Segment Open
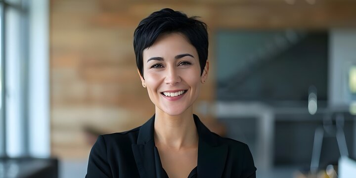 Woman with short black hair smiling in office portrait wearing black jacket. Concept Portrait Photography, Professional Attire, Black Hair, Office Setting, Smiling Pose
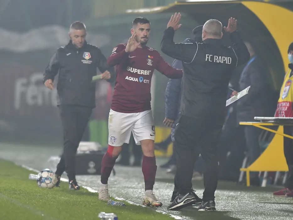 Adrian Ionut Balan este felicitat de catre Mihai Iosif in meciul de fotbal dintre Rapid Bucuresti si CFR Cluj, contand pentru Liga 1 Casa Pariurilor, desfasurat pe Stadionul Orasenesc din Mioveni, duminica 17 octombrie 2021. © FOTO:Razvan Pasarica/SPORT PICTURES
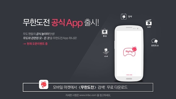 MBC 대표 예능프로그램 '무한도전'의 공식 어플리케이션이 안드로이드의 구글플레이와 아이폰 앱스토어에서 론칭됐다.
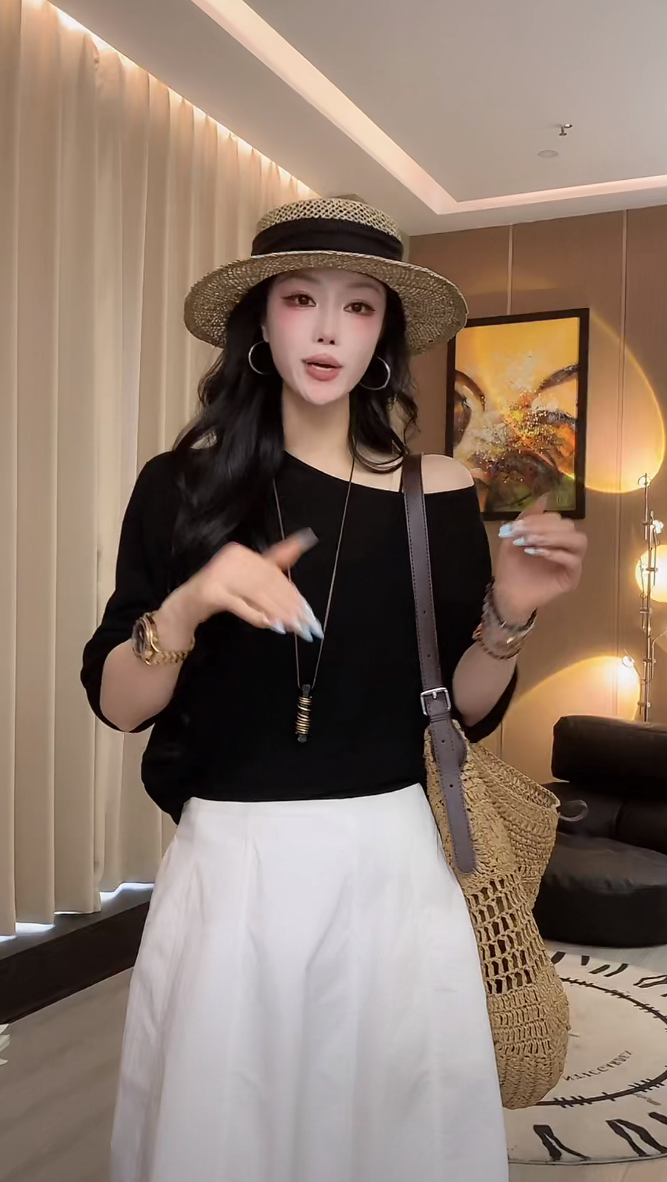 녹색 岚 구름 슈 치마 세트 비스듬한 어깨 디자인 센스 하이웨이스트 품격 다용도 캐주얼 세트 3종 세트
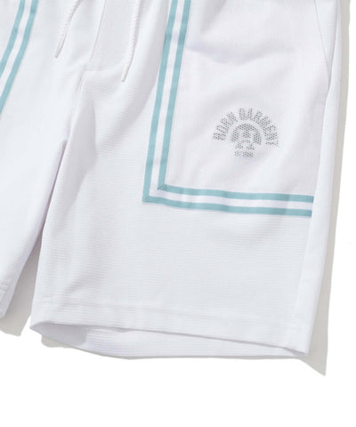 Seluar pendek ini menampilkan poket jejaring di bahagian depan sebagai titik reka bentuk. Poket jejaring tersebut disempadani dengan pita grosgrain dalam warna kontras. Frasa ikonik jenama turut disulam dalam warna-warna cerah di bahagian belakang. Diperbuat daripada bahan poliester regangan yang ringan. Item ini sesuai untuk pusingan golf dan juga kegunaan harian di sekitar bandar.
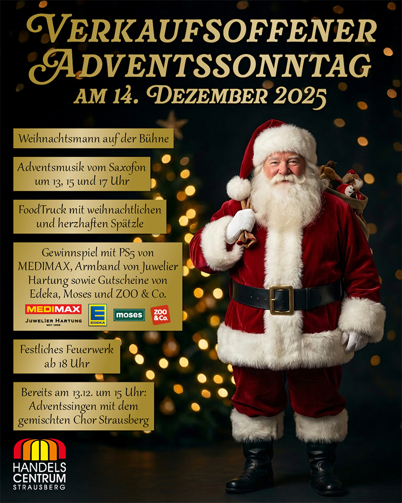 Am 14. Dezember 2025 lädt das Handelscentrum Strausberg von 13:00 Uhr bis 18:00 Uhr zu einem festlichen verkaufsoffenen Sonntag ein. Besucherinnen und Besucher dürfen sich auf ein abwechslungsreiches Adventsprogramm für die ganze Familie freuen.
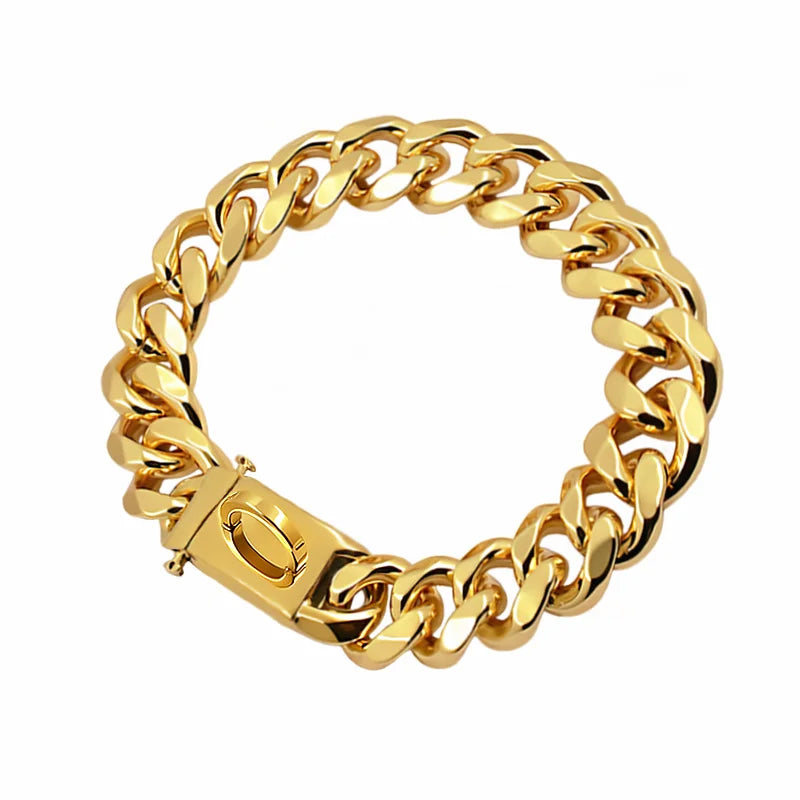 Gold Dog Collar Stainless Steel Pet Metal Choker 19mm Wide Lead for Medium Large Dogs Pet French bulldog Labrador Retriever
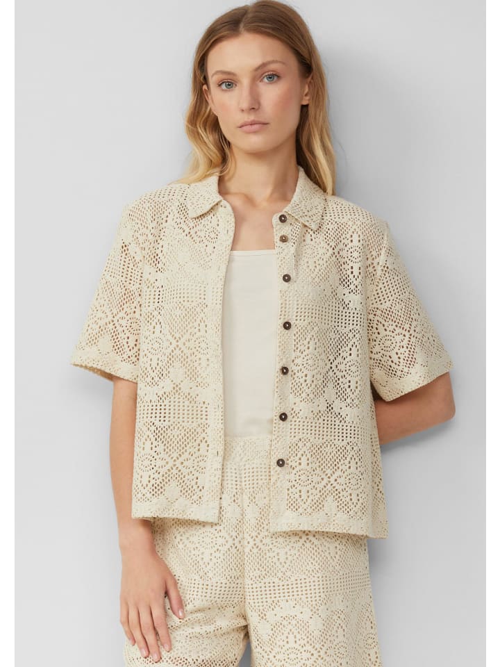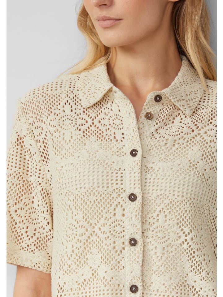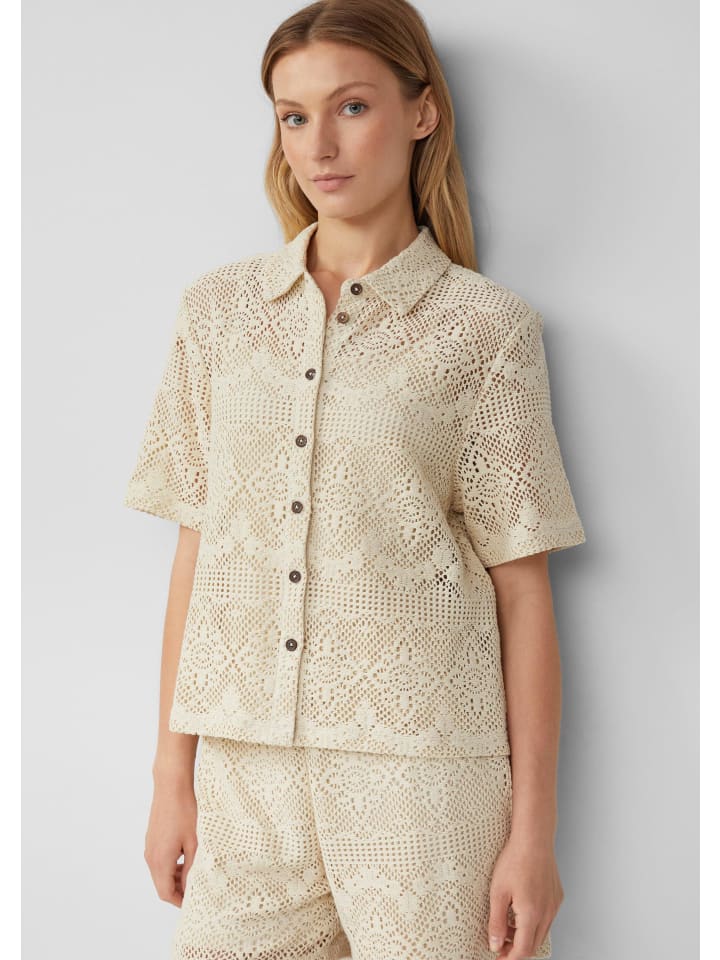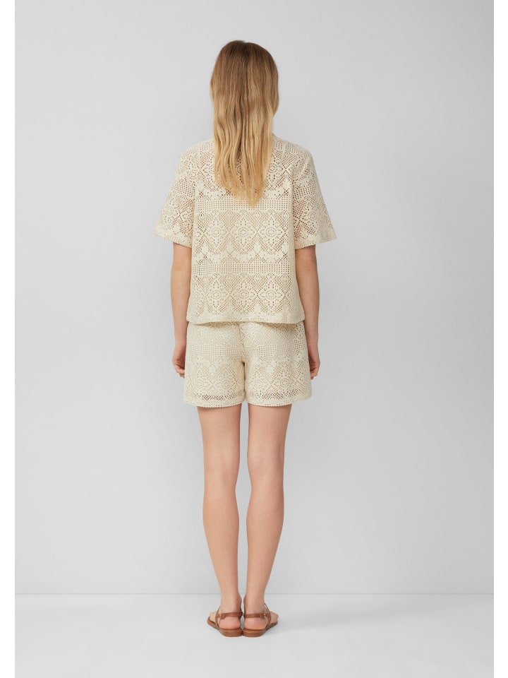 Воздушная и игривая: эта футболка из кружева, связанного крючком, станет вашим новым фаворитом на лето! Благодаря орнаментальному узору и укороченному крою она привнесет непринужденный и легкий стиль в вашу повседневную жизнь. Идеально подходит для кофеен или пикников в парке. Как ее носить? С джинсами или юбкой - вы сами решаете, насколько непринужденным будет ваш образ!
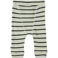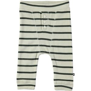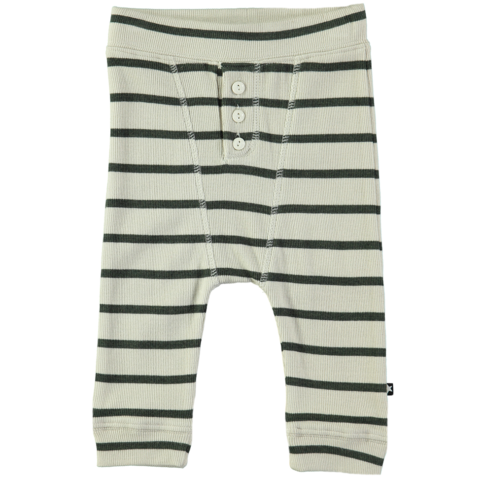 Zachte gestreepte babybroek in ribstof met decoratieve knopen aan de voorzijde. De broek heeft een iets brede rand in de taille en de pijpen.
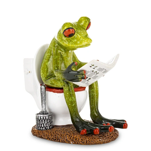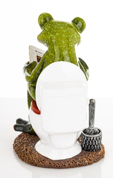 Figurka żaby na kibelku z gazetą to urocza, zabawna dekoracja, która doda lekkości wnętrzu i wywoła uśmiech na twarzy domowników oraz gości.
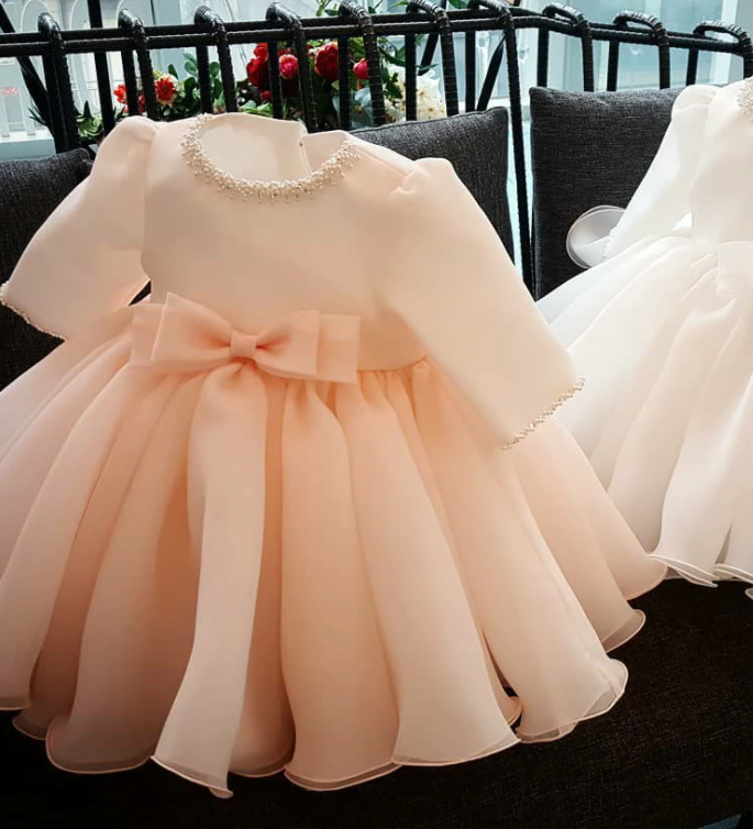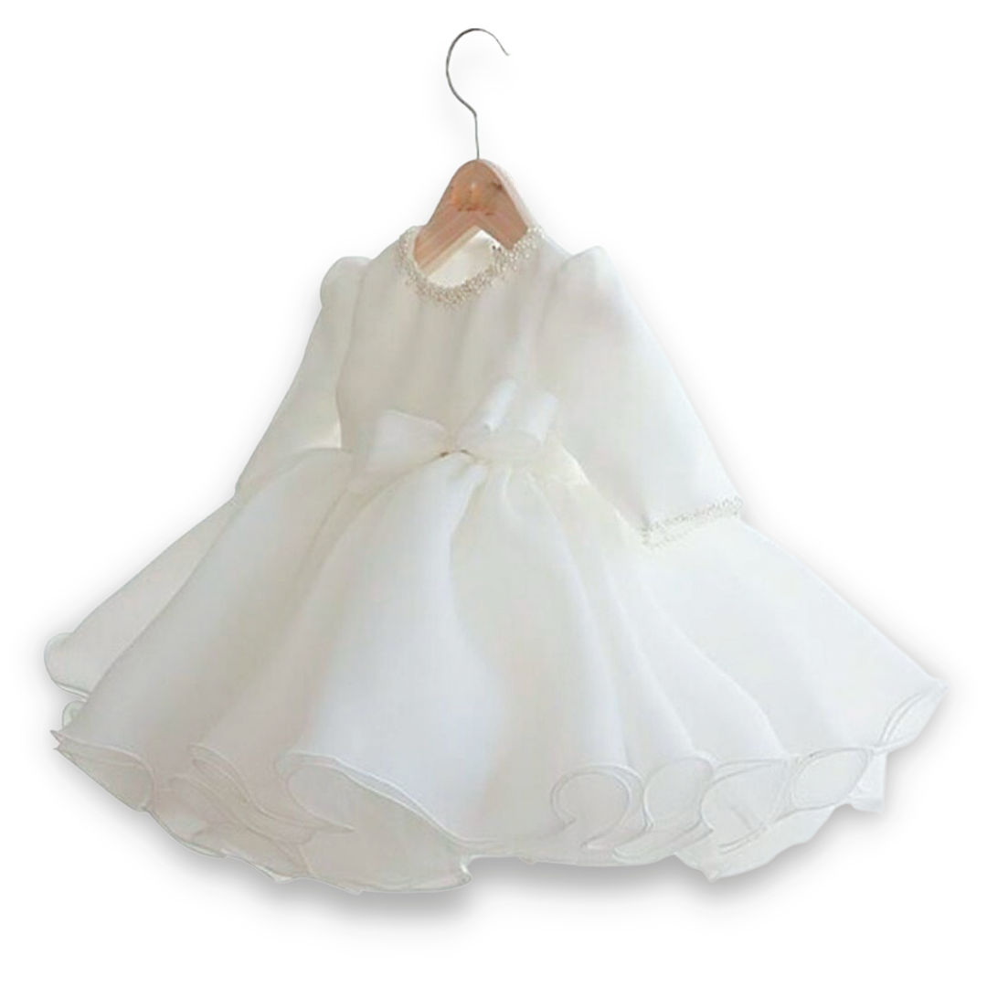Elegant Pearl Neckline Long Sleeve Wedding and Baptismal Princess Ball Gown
Segment Closed
Only lines go in the copy, not pictures. Transcribe exactly from the start of the listing through the line containing "녹색 岚 구름 슈 치마".

 Woman with short black hair smiling in office portrait wearing black jacket. Concept Portrait Photography, Professional Attire, Black Hair, Office Setting, Smiling Pose
 Adrian Ionut Balan este felicitat de catre Mihai Iosif in meciul de fotbal dintre Rapid Bucuresti si CFR Cluj, contand pentru Liga 1 Casa Pariurilor, desfasurat pe Stadionul Orasenesc din Mioveni, duminica 17 octombrie 2021. © FOTO:Razvan Pasarica/SPORT PICTURES
 MBC 대표 예능프로그램 '무한도전'의 공식 어플리케이션이 안드로이드의 구글플레이와 아이폰 앱스토어에서 론칭됐다.
 녹색 岚 구름 슈 치마 세트 비스듬한 어깨 디자인 센스 하이웨이스트 품격 다용도 캐주얼 세트 3종 세트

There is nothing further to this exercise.